The city of Steamboat Springs received final approval last week from Great Outdoors Colorado on $1.5 million in grants to kick-start Phase 3 of improvements at Howelsen Hill as well as finalize the purchase of 580 acres of land from Lyman Orton.

GOCo, created through a citizens initiative and approved by state voters in 1992, uses a portion of lottery proceeds to help preserve, protect, enhance and manage parks, rivers, trails and other open spaces.

Given last week’s windfall for Steamboat, residents and officials ought to feel as though we won the lottery.

Of the $1.5 million, $900,000 are for two Howelsen Hill-specific projects — the construction of a K38 ski jump that can be used year-round and lighting improvements that will allow young skiers and riders to use more of Howelsen’s features into the evening.

The jump and the lights make up a significant portion of planned Howelsen Hill upgrades. A committee of dedicated residents has been working in earnest during the past year to spearhead the Howelsen Hill Centennial Campaign, and at the heart of their efforts this year is raising the funds to complete Phase 3 work.

Combined, the Phase 3 projects will cost an estimated $2.3 million. That includes $1.5 million for the K38 jump, $350,000 for lighting, $400,000 for expanded snowmaking and $50,000 for a new magic carpet for beginner skiers.

Including the $900,000 in recently awarded GOCo grants, the Centennial Campaign has raised $200,000 in private donations (with a goal of $550,000), $250,000 allocated from the city’s surplus 2009 revenues and $80,000 from the city’s Howelsen Hill capital improvement fund. That puts the fundraising effort at a little more than $1.4 million.

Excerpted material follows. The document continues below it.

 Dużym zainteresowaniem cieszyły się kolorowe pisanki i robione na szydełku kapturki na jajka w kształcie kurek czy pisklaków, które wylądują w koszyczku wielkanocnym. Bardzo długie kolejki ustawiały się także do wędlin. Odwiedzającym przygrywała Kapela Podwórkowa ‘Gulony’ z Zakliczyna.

It’s a worthy effort, no doubt. Howelsen Hill is as integral a part of Steamboat’s history and culture as any other city feature, man made or otherwise.

During winter, it’s the longest continuously operating ski area west of the Mississippi River and home to the Steamboat Springs Winter Sports Club, a storied and community-minded organization that provides winter ski and snowboard programs to nearly 1,000 children and teens.

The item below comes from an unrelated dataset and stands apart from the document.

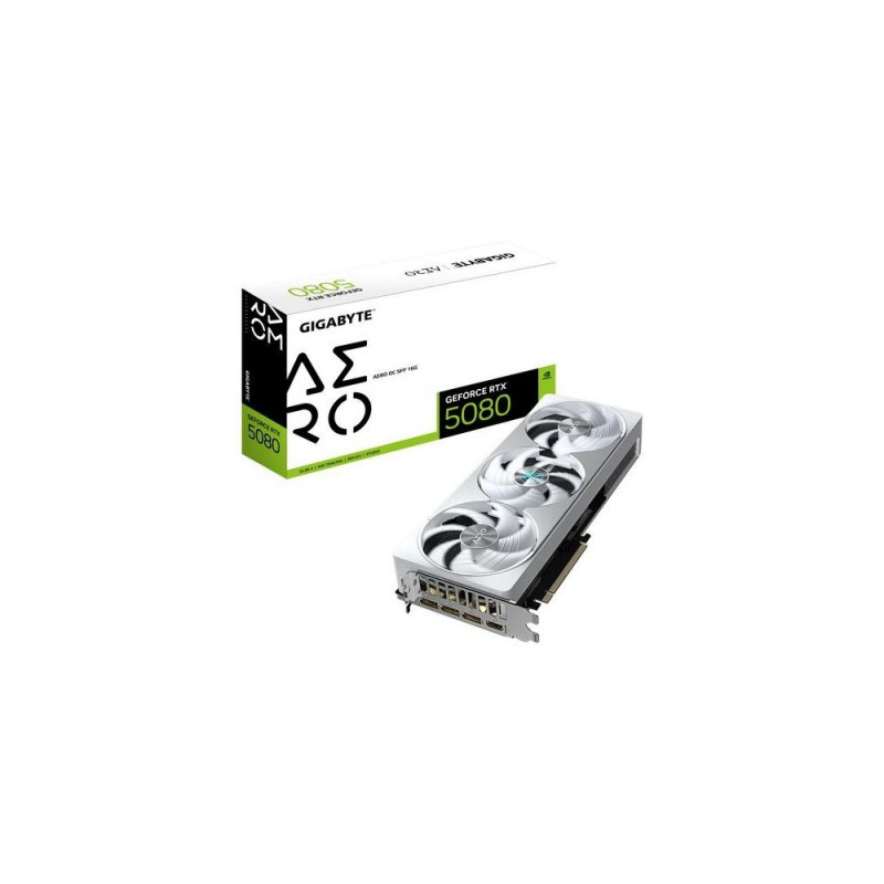 Unlock unparalleled gaming prowess with GIGABYTE's NVIDIA graphics cards. Engineered for peak performance and visual excellence, our GPUs redefine gaming standards. With advanced cooling solutions and cutting-edge technologies, GIGABYTE NVIDIA graphics cards deliver stunning visuals and seamless gameplay experiences, empowering gamers to dominate every virtual battlefield with confidence and precision.GIGABYTE GeForce RTX 5080 AERO OC SFF 16G Graphics Card - 16GB GDDR7, 256bit, PCI-E 5.0, 2730MHz Core Clock, 3 x DisplayPort, 1 x HDMI, GV-N5080AERO OC-16GD. Graphics processor family: NVIDIA, Graphics processor: GeForce RTX 5080, Processor frequency: 2730 MHz. Discrete graphics card memory: 16 GB, Graphics card memory type: GDDR7, Memory bus: 256 bit, Memory clock speed: 28000 MHz. Maximum resolution: 7680 x 4320 pixels. DirectX version: 12.0, OpenGL version: 4.6. Interface type: PCI Express 5.0. Cooling type: Active, Number of fans: 3 fan(s), Illumination colour: Multi

During spring, summer and fall, it’s home to an extensive network of biking, hiking and horseback trails; it is the site of a year-round ski jump; and it is home to Brent Romick Rodeo Arena, ice arena, baseball and softball fields, the Howler Alpine slide, a BMX bike park, a skate park, basketball hoops, a playground, tennis courts and volleyball courts.

Howelsen Hill is uniquely Steamboat and sets us apart from other mountain resort communities. We support the efforts of the Centennial Campaign and the city of Steamboat Springs to continue to modernize and improve the multiuse downtown facility.

But we also recognize that in extremely difficult economic times for so many residents and businesses, digging deep for Howelsen Hill may not rise to the same level of importance as assisting the many health and human services organizations struggling to keep up with skyrocketing local demand.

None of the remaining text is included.